Over five decades, Armani built a global empire valued at billions, encompassing haute couture (Armani Privé), ready-to-wear (Emporio Armani), sportswear (EA7), home furnishings, fragrances, and even luxury hotels. He remained the sole shareholder, rejecting offers from conglomerates like LVMH and Kering, valuing independence as “an essential value.” In 2023, the company reported revenues of $2.65 billion. Armani was also a pioneer in social issues, banning underweight models from his runways in 2006 following the death of model Ana Carolina Reston.
Tributes poured in from around the world. Italian Prime Minister Giorgia Meloni called him “an icon, a tireless worker, a symbol of the best of Italy.” Designer Donatella Versace posted on Instagram: “The world lost a giant today. He made history and will be remembered forever.” Actor Russell Crowe shared personal anecdotes, noting Armani’s role in key moments of his life, from awards to his wedding. Julia Roberts, a longtime muse, wrote: “A true friend. A legend.” Vogue’s Anna Wintour praised his vision: “He understood power and attitude and elegance as well as anyone ever has in fashion.”
Armani’s influence extended beyond fashion; he designed uniforms for Italy’s Olympic teams, owned basketball club Olimpia Milano, and contributed to films like The Wolf of Wall Street.
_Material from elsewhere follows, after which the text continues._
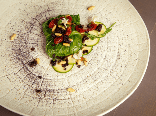Assemble the dish: layer zucchini at the bottom, then a wrap of salad, and garnish with olives, pine nuts, sun-dried tomatoes, and herbs.

In a recent Financial Times interview, he reflected on his workaholic nature: “My only regret in life was spending too many hours working and not enough time with friends and family.”
No obvious heir has been named, but Armani outlined a “gradual transition” to family and trusted colleagues. A funeral chamber will open in Milan on September 6-7, with a private funeral to follow.
Armani’s legacy endures in his minimalist elegance, which shaped modern fashion and projected Italian style worldwide. As Versace noted, his impact “will be remembered forever.”